YOUR INSTRUCTIONS: All of the records below must be output exactly, with no pictures carried over.

RECORD SET:

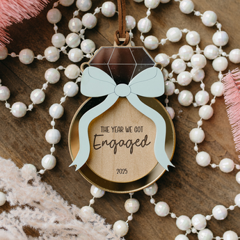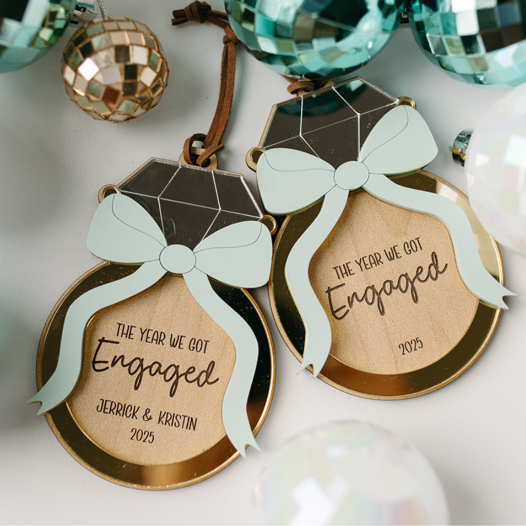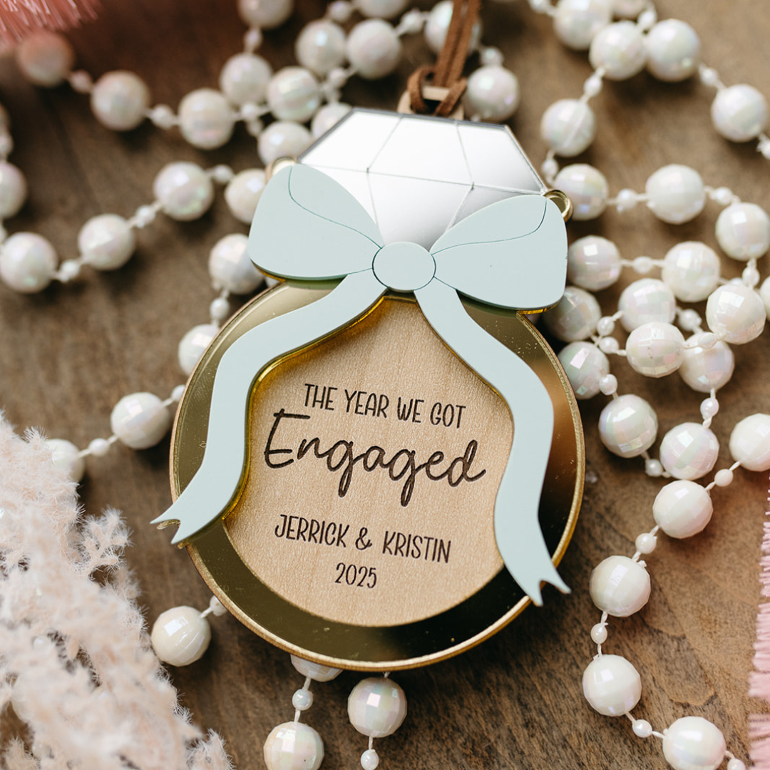 Featuring a mirrored gold acrylic ring design topped with a sparkling diamond accent, this keepsake symbolizes the joy of saying 'yes' to a lifetime together. Perfect for marking the first step in your journey, it’s a timeless reminder of a holiday season filled with love, hope, and the promise of what’s to come.
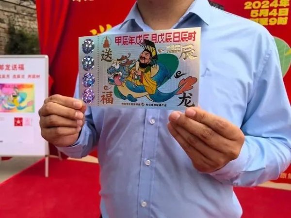 《辰龍送褔》明信片印有大運(yùn)河源頭遺址公園都龍王廟的“龍王圖案”,明信片的左側(cè)運(yùn)用了鐳射工藝,設(shè)置了“刮刮樂”模式,最高獎項可獲得一張居庸關(guān)長城景區(qū)的門票,明信片上印有“2024年5月4日7時至9時甲辰年戊辰月戊辰日丙辰時”的字樣,紀(jì)念意義十足。
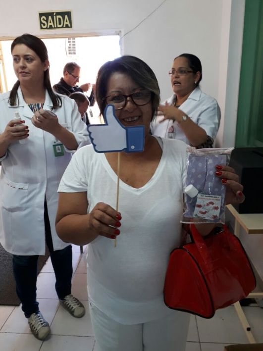 “Com a prática, foi possível perceber algumas falhas na higienização, pois as regiões iluminadas representam as áreas não higienizadas, mesmo assim podemos considerar os resultados da dinâmica positivos”, avaliou a enfermeira. “Foi um momento propício para conscientização dos trabalhadores. A higienização das mãos é fundamental no cuidado com os pacientes e faz parte de uma prática de saúde ocupacional.”
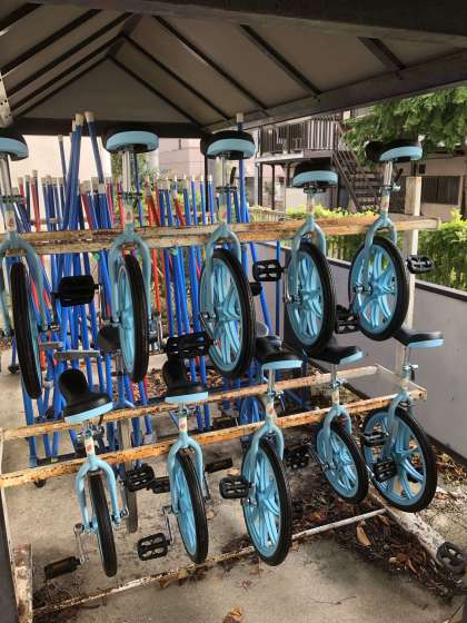 このたび、ベルマークで購入した一輪車10台を新たにPTAよりご寄贈頂きました。長年にわたり、ベルマーク回収にご協力頂いた保護者の皆様、ベルマークの仕分け、集計にご尽力頂いたPTAの皆様、有難うございました!大事に使わせて頂きます。
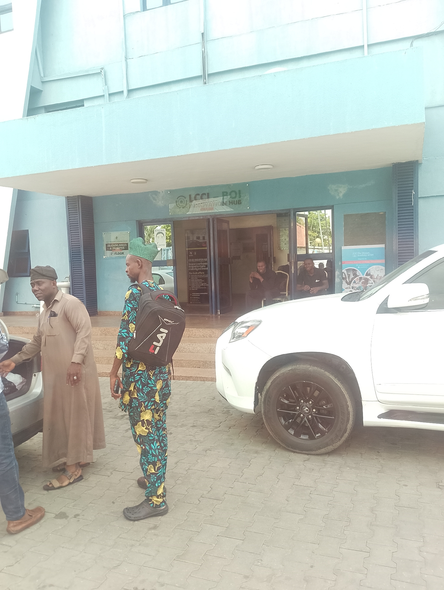 Here's a detailed description of the image: **Location and Setting:** The image appears to be taken in front of a building identified as the "LCCI-POI Innovation Hub, 4th Floor." Signs also indicate…read more

PROBLEM SOLUTION:
 Featuring a mirrored gold acrylic ring design topped with a sparkling diamond accent, this keepsake symbolizes the joy of saying 'yes' to a lifetime together. Perfect for marking the first step in your journey, it’s a timeless reminder of a holiday season filled with love, hope, and the promise of what’s to come.
 《辰龍送褔》明信片印有大運(yùn)河源頭遺址公園都龍王廟的“龍王圖案”,明信片的左側(cè)運(yùn)用了鐳射工藝,設(shè)置了“刮刮樂”模式,最高獎項可獲得一張居庸關(guān)長城景區(qū)的門票,明信片上印有“2024年5月4日7時至9時甲辰年戊辰月戊辰日丙辰時”的字樣,紀(jì)念意義十足。
 “Com a prática, foi possível perceber algumas falhas na higienização, pois as regiões iluminadas representam as áreas não higienizadas, mesmo assim podemos considerar os resultados da dinâmica positivos”, avaliou a enfermeira. “Foi um momento propício para conscientização dos trabalhadores. A higienização das mãos é fundamental no cuidado com os pacientes e faz parte de uma prática de saúde ocupacional.”
 このたび、ベルマークで購入した一輪車10台を新たにPTAよりご寄贈頂きました。長年にわたり、ベルマーク回収にご協力頂いた保護者の皆様、ベルマークの仕分け、集計にご尽力頂いたPTAの皆様、有難うございました!大事に使わせて頂きます。
 Here's a detailed description of the image: **Location and Setting:** The image appears to be taken in front of a building identified as the "LCCI-POI Innovation Hub, 4th Floor." Signs also indicate…read more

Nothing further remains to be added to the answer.